# A great jet fighter shot...



## King Eric (Feb 27, 2006)

Just stumbled into this while looking at Yahoo weather of all things!


__
https://flic.kr/p/1513211228

Awesome work. I'm going to purchase it, frame it and put it up in the garage! :thumb:


----------



## mouthyman (May 1, 2006)

very cool picture, theres some great shots on his site


----------



## monzablue16v (Jan 24, 2008)

Thats a cracking photo, especially if it hasn't been shopped. I can't find a good res version to be able tell though


----------



## 51Sneyd (Nov 6, 2007)

An American buddy sent me these a while back - Blue Angels ...... awesome


----------



## Paul-T (Nov 2, 2006)

I'm not sure what I find more impressive - what they are doing or how well it was captured by the camera!

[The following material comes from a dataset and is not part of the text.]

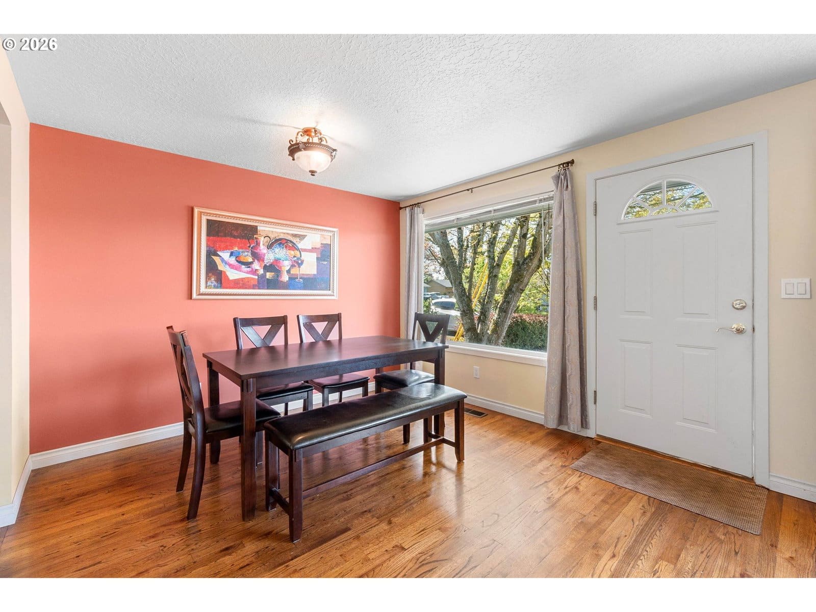 Beautifully updated home located in Woodburn Senior Estates & Country Club, a vibrant 55+ community. The remodeled kitchen features newer cabinetry, quartz countertops, tile backsplash, and stainless steel appliances. A light-filled, spacious living and dining area creates a warm and inviting atmosphere, complemented by hardwood floors throughout.The home offers a primary ensuite along with an additional bedroom. The newly remodeled hallway bathroom includes a new tub with tile surround, updated vanity, and a new window. Additional features include forced air heating and air conditioning for year-round comfort. Enjoy outdoor living on the covered patio, perfect for BBQs and entertaining. Community amenities include an indoor pool, hot tub, fitness center, and an 18-hole golf course. HOA transfer fee of 1.5%.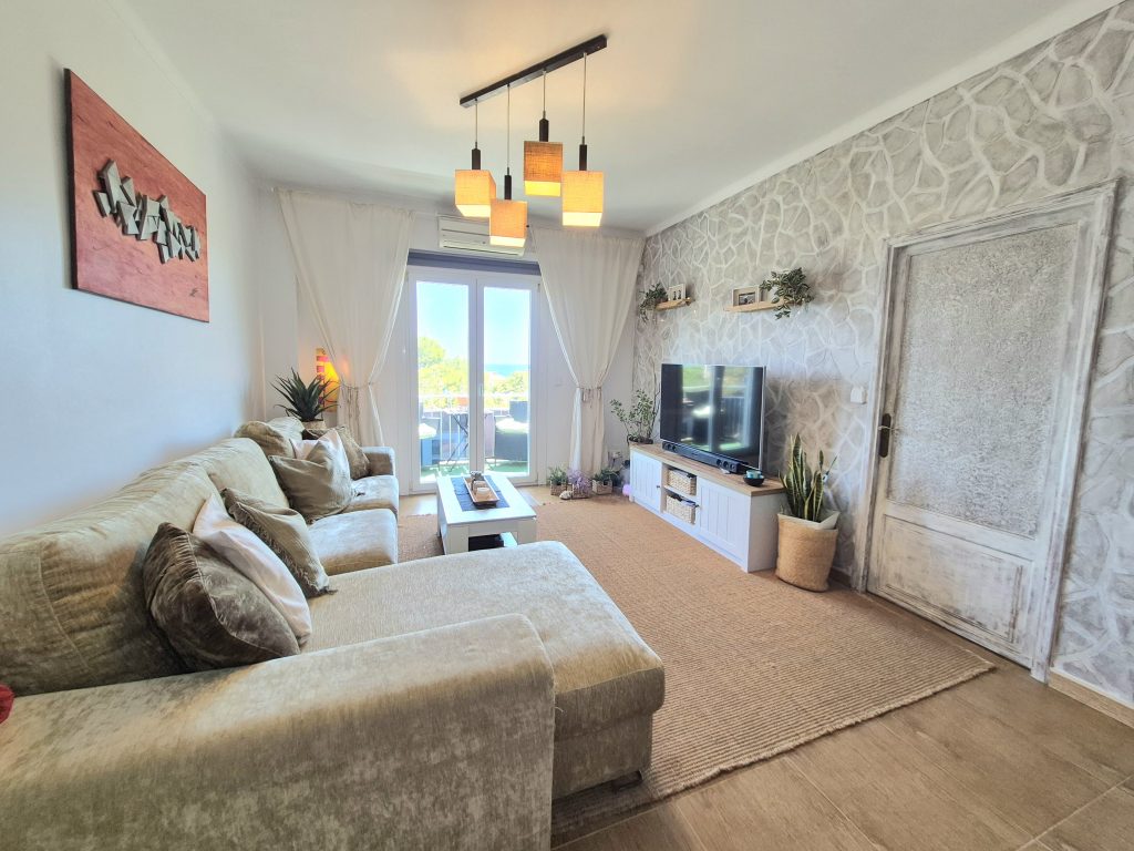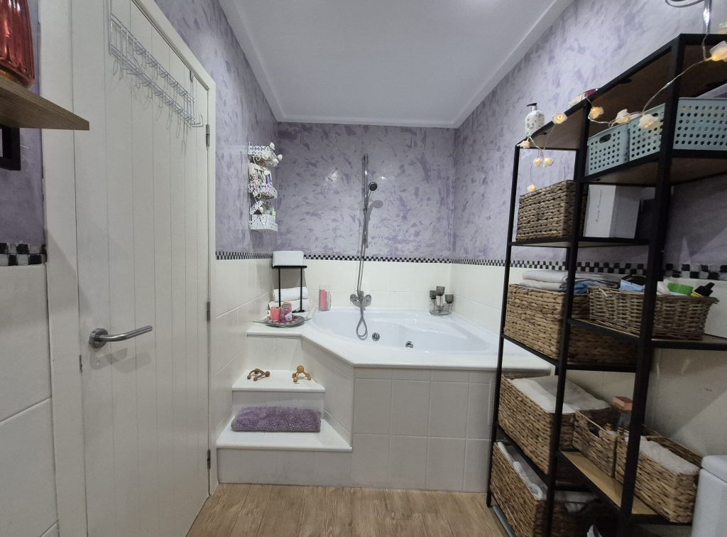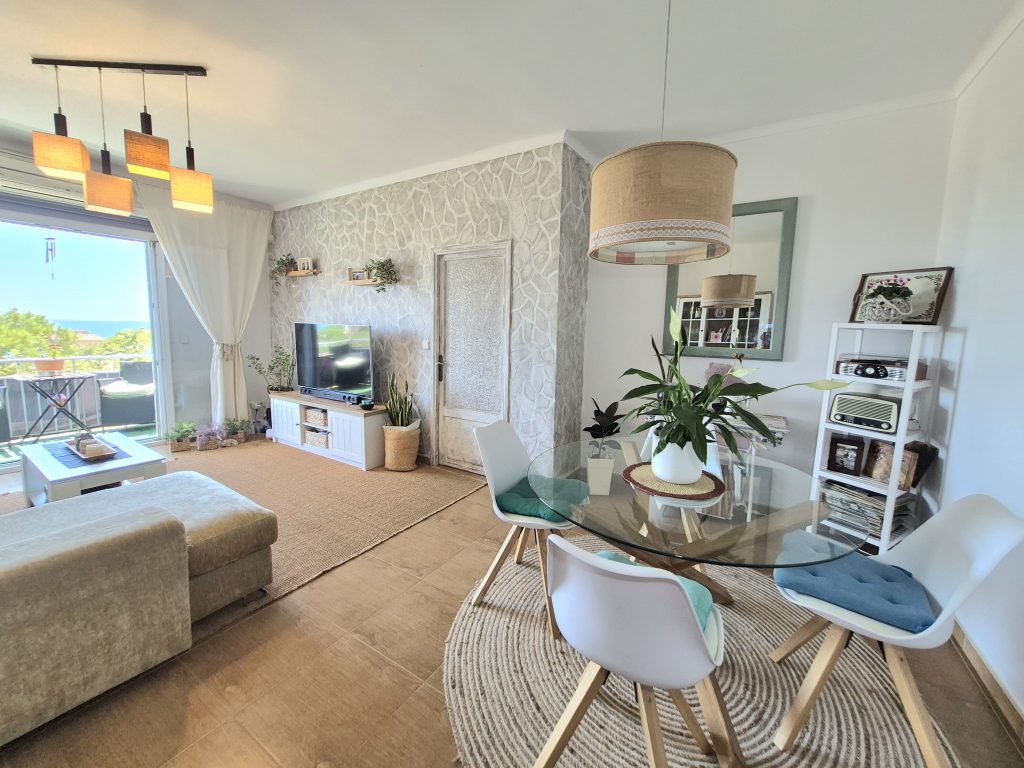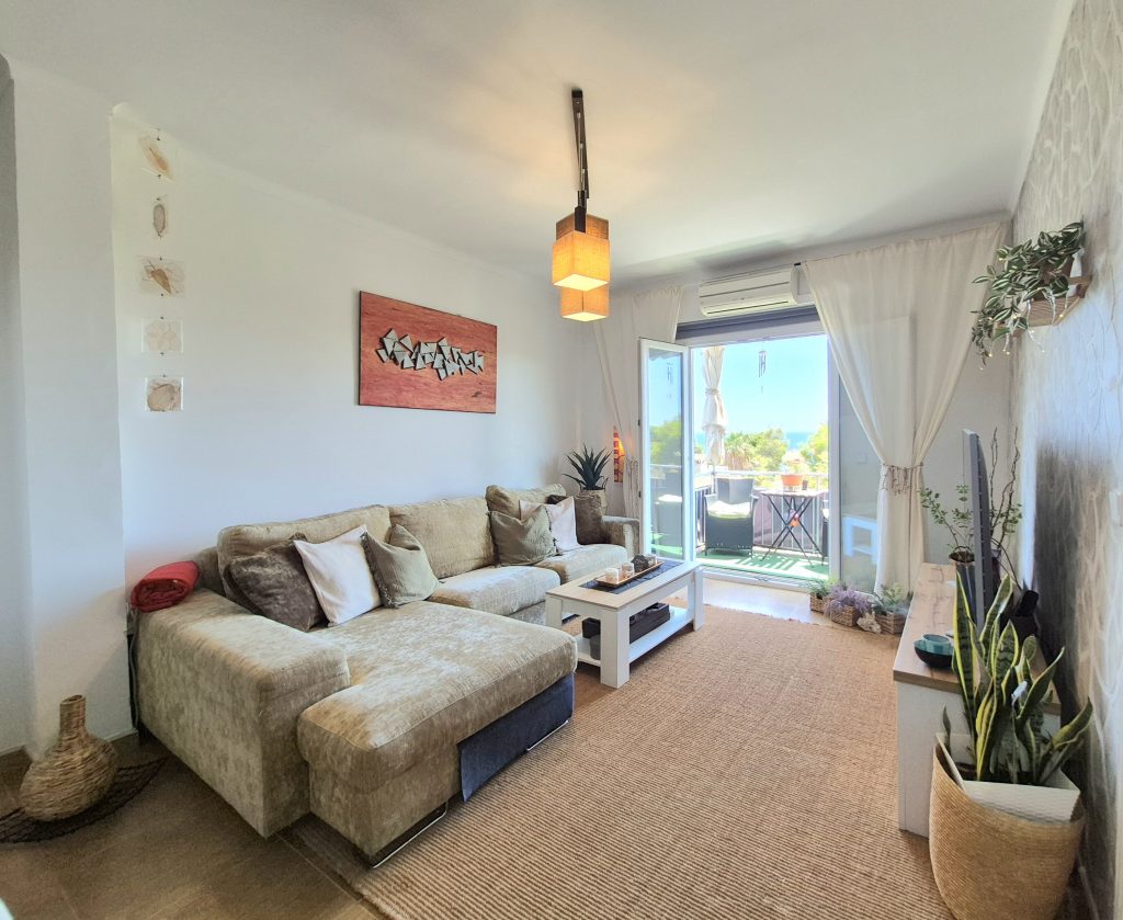 El piso cuenta con 3 habitaciones dobles, un baño muy amplio con plato de ducha de gran tamaño y jacuzzi, una espaciosa cocina independiente totalmente equipada y un salón luminoso con zona de comedor y acceso a un balcón de unos 5 metros de largo, perfecto para relajarse y disfrutar de las vistas despejadas y del mar al fondo, un privilegio que se aprecia aún más al estar allí que en cualquier fotografía. Reformado en 2006, se encuentra en muy buenas condiciones, decorado en un estilo moderno, funcional y acogedor, con bonitos detalles en las paredes, y lo mejor de todo: listo para entrar a vivir.

Mindblowing stuff.


----------



## BlackCat (May 2, 2008)

Awesome!


----------



## CK888 (Apr 23, 2006)

Wow they're superb shots!!


----------



## King Eric (Feb 27, 2006)

I have been liaising with the guy to get a print done for me for my garage, would look ace on the wall I think. Will let you know what the hi res shot looks like!


----------



## Maxtor (Feb 23, 2007)

Fantastic shots! :thumb:


----------



## Phil H (May 14, 2006)

wow! awesome pics!


----------



## glennv6 (Mar 7, 2008)

Simply amazing! :thumb:


----------



## Jakedoodles (Jan 16, 2006)

Is that not just the smoke trail around the plane? Surely you couldn't be breaking the sound barrier at such a low height without it being somewhat dangerous?


----------



## andycole (Jun 8, 2006)

http://www.sky-flash.com/

The guy who takes 99% of the pics on there is a Dutch bus driver who's hobby is aviation pics.
AC:thumb:


----------



## 51Sneyd (Nov 6, 2007)

Wonderdetail said:


> Is that not just the smoke trail around the plane? Surely you couldn't be breaking the sound barrier at such a low height without it being somewhat dangerous?

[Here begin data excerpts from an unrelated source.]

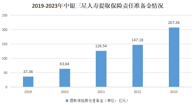 保险责任准备金提取这一项尤为引人注目。2021年到2023年,中银三星人寿该项支出分别约127亿元、147亿元、207亿元,同比分别增长99%、16%、41%,而且占各年营业支出比例均在75%以上。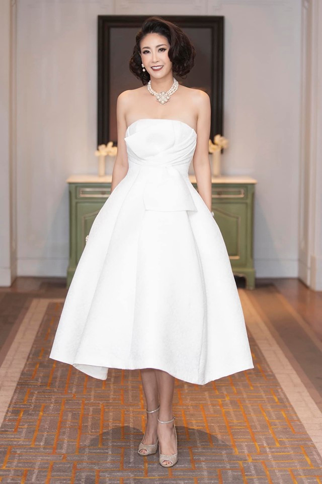 Hoa hậu Hà Kiều Anh yêu kiều và dịu dàng với bộ váy trắng cúp ngực.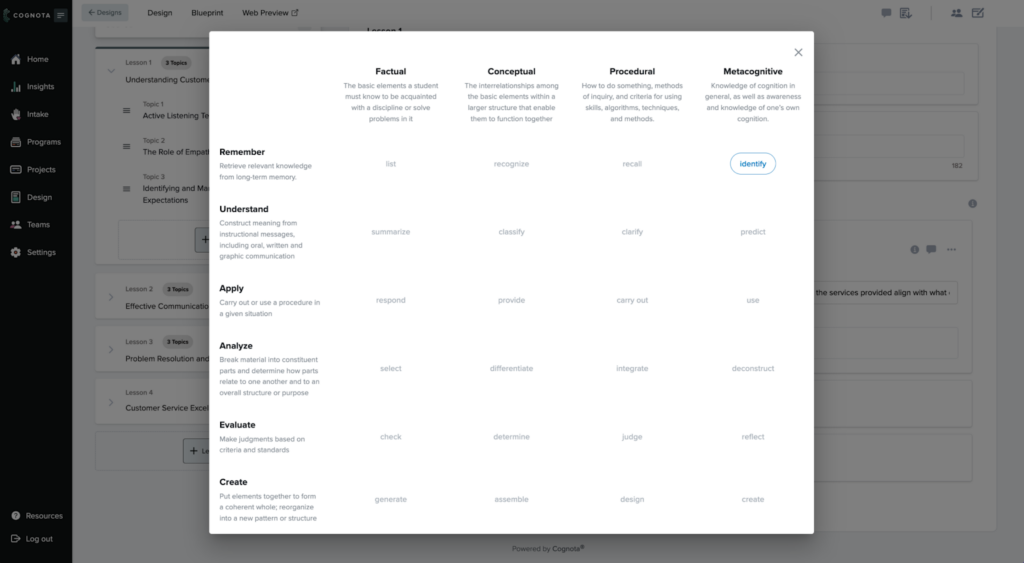 - Learning objectives guidance: Use the built-in Bloom’s Taxonomy verb picker to write clear, action-oriented learning objectives instead of vague terms.

No it won't be breaking the sound barrier its more likely to be the votices from the plane sucking the water up. However, a 'cloud' can form from a drop in pressure, from the planes shock wave, causing water droplets to condense and form the cloud.

 Here's one going through the sound barrier


----------



## clipstone (Nov 29, 2006)

King Eric said:


> I have been liaising with the guy to get a print done for me for my garage, would look ace on the wall I think. Will let you know what the hi res shot looks like!


Eric

Is he sending you a print, or hi-res digital file that you can get printed?

I ask as he has a shot of San Fran that I really like ...


----------